Records from a data collection:

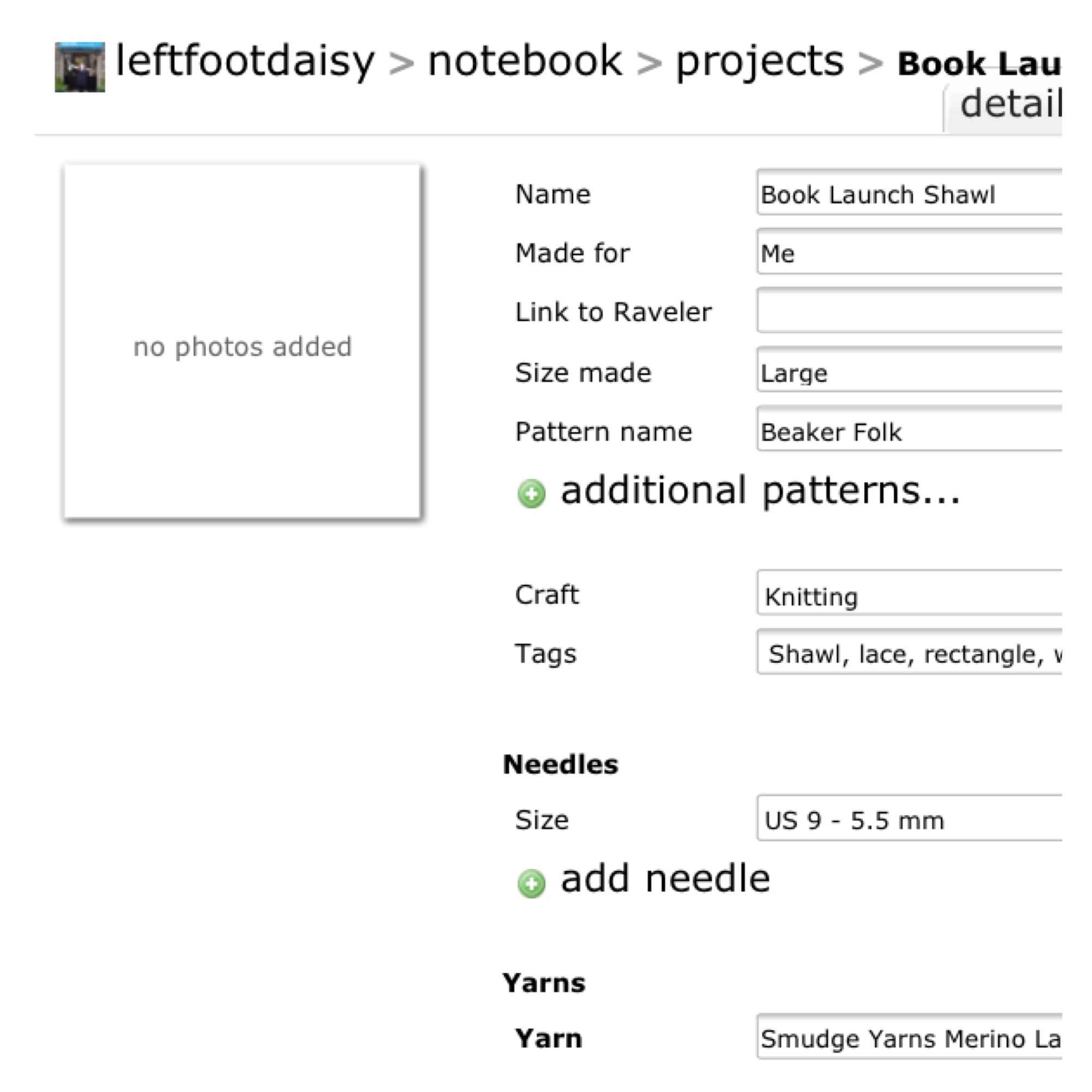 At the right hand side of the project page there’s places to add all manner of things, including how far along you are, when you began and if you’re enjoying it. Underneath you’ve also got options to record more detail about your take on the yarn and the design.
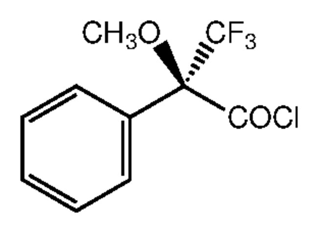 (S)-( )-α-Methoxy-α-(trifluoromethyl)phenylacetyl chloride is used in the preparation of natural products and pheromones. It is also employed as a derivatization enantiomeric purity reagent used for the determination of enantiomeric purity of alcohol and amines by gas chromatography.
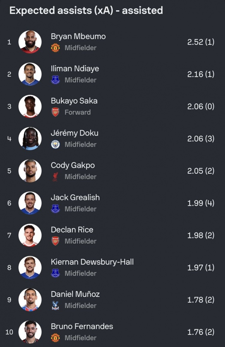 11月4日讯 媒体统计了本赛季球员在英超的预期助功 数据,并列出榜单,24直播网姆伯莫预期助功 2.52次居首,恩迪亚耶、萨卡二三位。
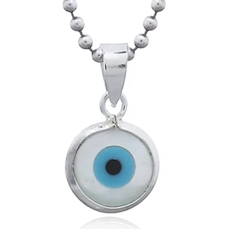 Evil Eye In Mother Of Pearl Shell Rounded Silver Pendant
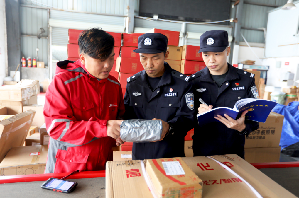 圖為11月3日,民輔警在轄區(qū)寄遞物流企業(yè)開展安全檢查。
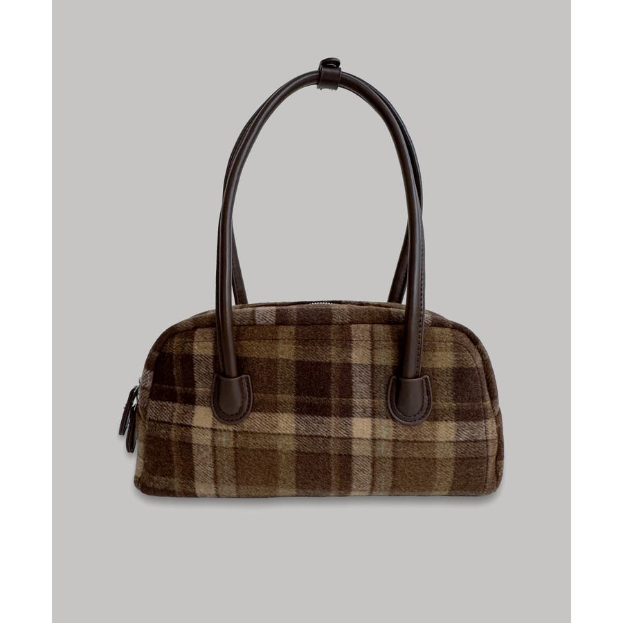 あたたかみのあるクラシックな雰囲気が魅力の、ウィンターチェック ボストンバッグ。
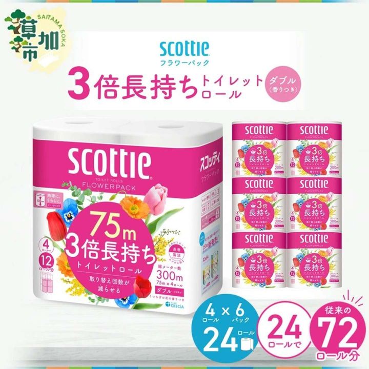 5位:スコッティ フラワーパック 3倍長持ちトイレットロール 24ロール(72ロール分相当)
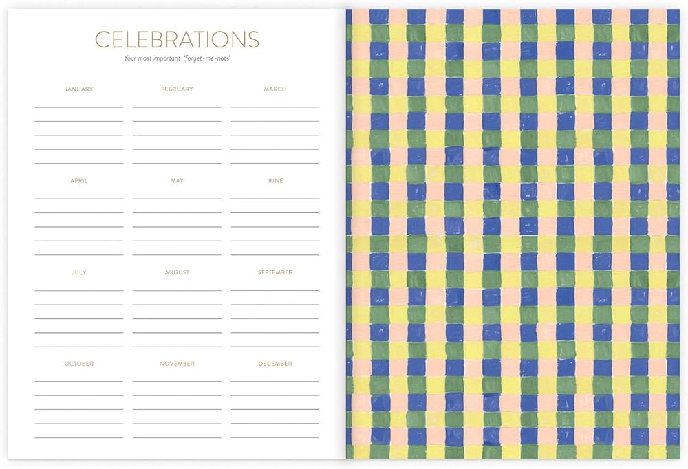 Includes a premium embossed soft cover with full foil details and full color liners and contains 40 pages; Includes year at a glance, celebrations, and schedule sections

> [INSTRUCTIONS TO FOLLOW]:
In your copy, include no pictures; print every line above exactly.

> [TASK OUTPUT]:
 At the right hand side of the project page there’s places to add all manner of things, including how far along you are, when you began and if you’re enjoying it. Underneath you’ve also got options to record more detail about your take on the yarn and the design.
 (S)-( )-α-Methoxy-α-(trifluoromethyl)phenylacetyl chloride is used in the preparation of natural products and pheromones. It is also employed as a derivatization enantiomeric purity reagent used for the determination of enantiomeric purity of alcohol and amines by gas chromatography.
 11月4日讯 媒体统计了本赛季球员在英超的预期助功 数据,并列出榜单,24直播网姆伯莫预期助功 2.52次居首,恩迪亚耶、萨卡二三位。
 Evil Eye In Mother Of Pearl Shell Rounded Silver Pendant
 圖為11月3日,民輔警在轄區(qū)寄遞物流企業(yè)開展安全檢查。
 あたたかみのあるクラシックな雰囲気が魅力の、ウィンターチェック ボストンバッグ。
 5位:スコッティ フラワーパック 3倍長持ちトイレットロール 24ロール(72ロール分相当)
 Includes a premium embossed soft cover with full foil details and full color liners and contains 40 pages; Includes year at a glance, celebrations, and schedule sections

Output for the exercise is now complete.